Reading package lists… Done
E: Could not open lock file /var/lib/apt/lists/lock - open (13: Permission denied)
E: Unable to lock directory /var/lib/apt/lists/
W: Problem unlinking the file /var/cache/apt/pkgcache.bin - RemoveCaches (13: Permission denied)
W: Problem unlinking the file /var/cache/apt/srcpkgcache.bin - RemoveCaches (13: Permission denied)

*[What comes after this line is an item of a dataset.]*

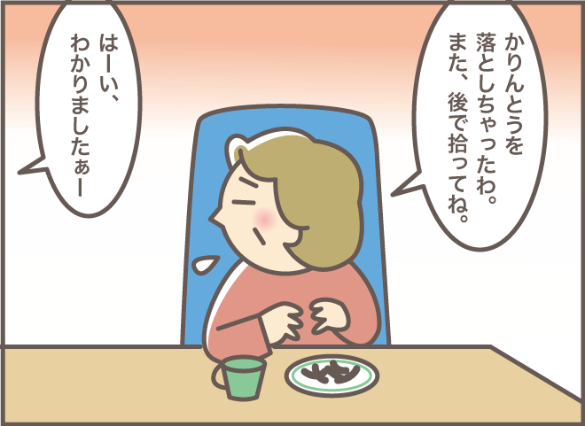 落とすこともしばしばありました。でもそんなことはいちいち気にせず、積極的に手指を動かしておやつを食べてもらいたいと思っていました。しかし…

Another user suggest the following:

Change permission at

sudo chmod o+r /var/lib/command-not-found/commands.db*

but before that

Check permission variable state information

ls -l /var/lib/command-not-found

total 2588

-rw-r----- 1 root root 2834432 Dec 18 05:25 commands.db
-rw-r----- 1 root root 4712 Dec 18 05:25 commands.db.metadata

It should be:

ls -l /var/lib/command-not-found

When I do this I get : total 0

I have no idea even where to start, as I am not very familiar with these systems yet. So I am asking here and see if there is a soluton.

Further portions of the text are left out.